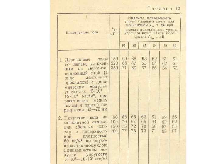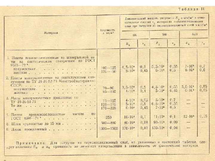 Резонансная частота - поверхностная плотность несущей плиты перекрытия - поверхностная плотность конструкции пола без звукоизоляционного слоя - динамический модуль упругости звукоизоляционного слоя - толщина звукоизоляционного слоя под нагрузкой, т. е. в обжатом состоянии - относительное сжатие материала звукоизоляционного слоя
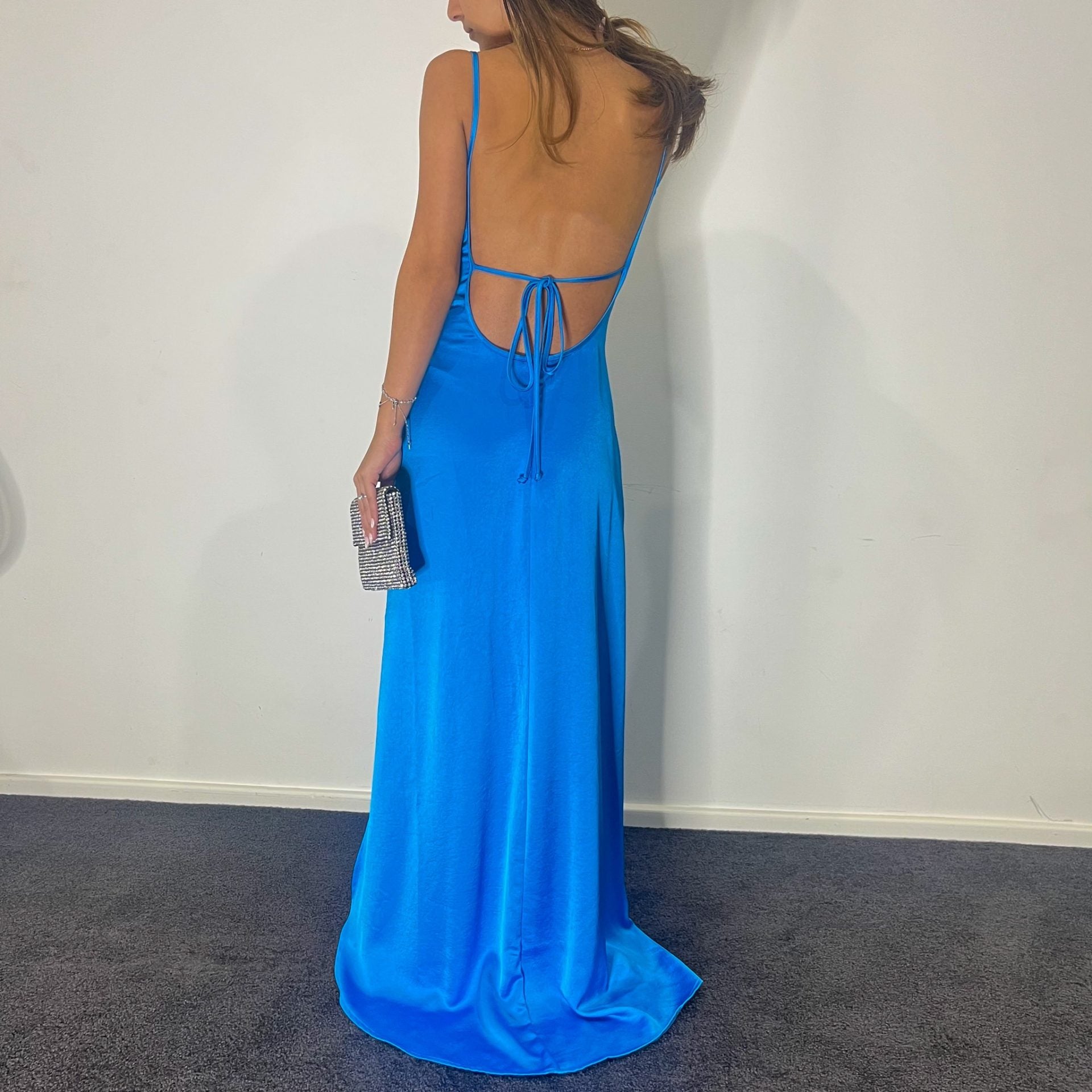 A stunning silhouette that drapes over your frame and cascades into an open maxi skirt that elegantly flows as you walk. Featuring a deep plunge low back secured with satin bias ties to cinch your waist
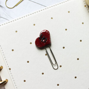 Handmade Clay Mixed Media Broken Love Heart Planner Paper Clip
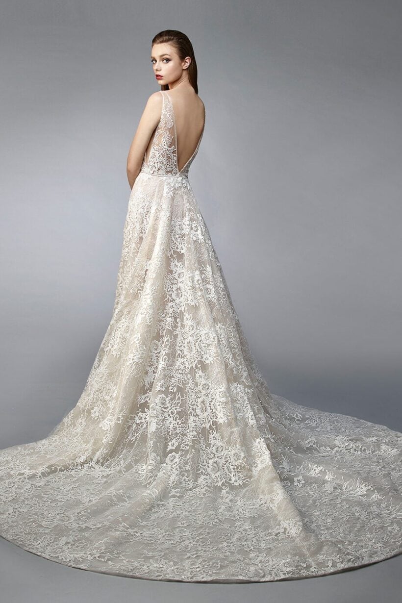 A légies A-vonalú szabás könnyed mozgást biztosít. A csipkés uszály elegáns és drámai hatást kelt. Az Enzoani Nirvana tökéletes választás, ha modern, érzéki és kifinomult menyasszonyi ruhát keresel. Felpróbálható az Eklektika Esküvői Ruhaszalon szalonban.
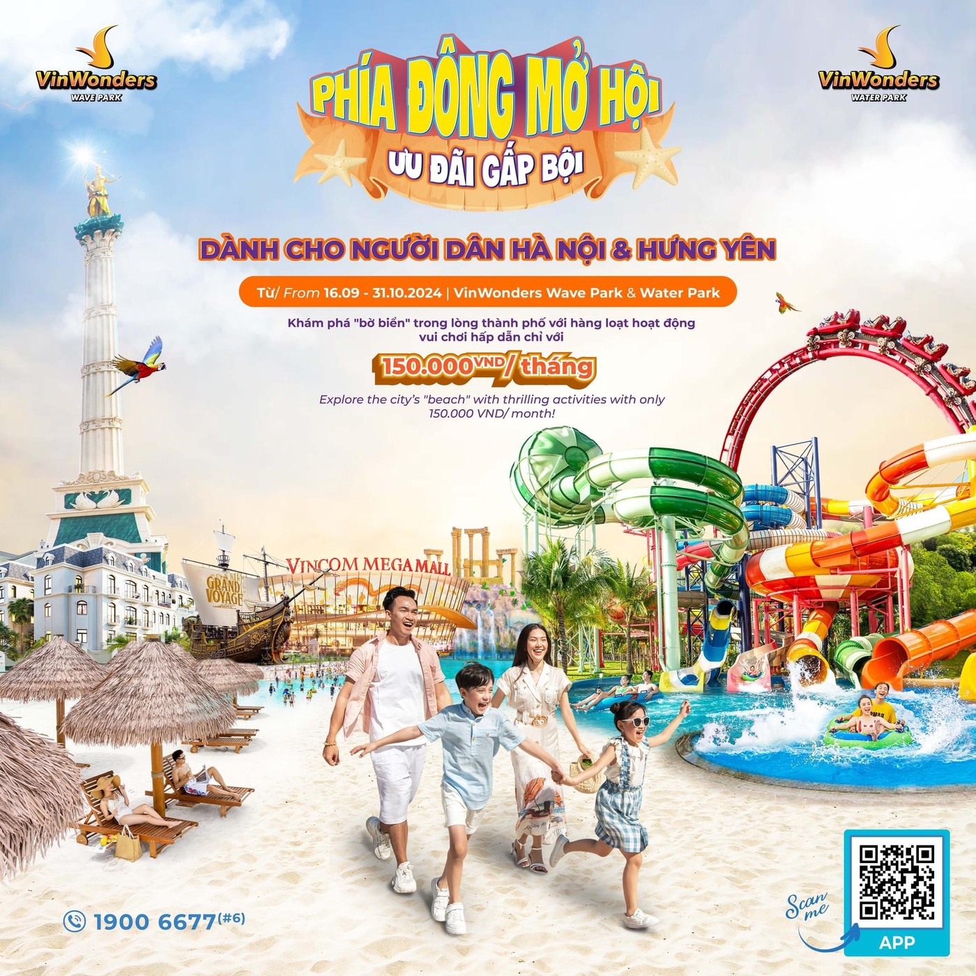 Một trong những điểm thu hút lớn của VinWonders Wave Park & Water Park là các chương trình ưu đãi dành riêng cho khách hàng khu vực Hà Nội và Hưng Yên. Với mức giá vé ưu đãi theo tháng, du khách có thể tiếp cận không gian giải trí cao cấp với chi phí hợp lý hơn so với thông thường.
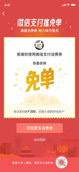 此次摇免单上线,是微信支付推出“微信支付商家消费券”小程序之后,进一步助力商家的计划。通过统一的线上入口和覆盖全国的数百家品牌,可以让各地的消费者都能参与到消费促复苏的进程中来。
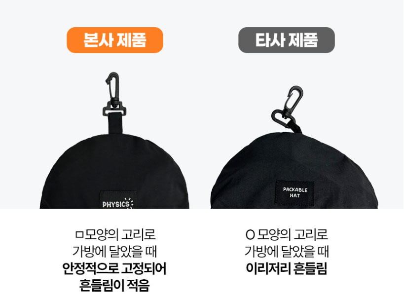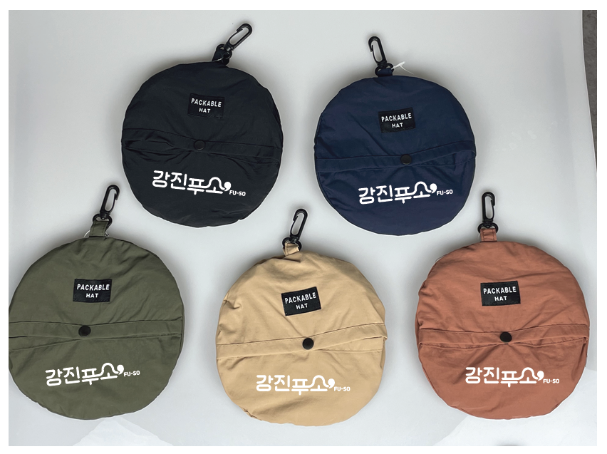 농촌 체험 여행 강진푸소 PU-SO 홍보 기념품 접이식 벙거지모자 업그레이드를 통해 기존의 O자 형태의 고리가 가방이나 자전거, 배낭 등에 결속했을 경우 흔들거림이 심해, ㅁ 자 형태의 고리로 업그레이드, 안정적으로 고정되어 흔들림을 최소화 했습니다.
# # # # # # #
**PROBLEM**: Make an exact copy of the lines of the records from the line containing "此次摇免单上线,是微信支付推" through the final line, both ends included, but not of the pictures.

**FINISHED EXERCISE**:
 此次摇免单上线,是微信支付推出“微信支付商家消费券”小程序之后,进一步助力商家的计划。通过统一的线上入口和覆盖全国的数百家品牌,可以让各地的消费者都能参与到消费促复苏的进程中来。
 농촌 체험 여행 강진푸소 PU-SO 홍보 기념품 접이식 벙거지모자 업그레이드를 통해 기존의 O자 형태의 고리가 가방이나 자전거, 배낭 등에 결속했을 경우 흔들거림이 심해, ㅁ 자 형태의 고리로 업그레이드, 안정적으로 고정되어 흔들림을 최소화 했습니다.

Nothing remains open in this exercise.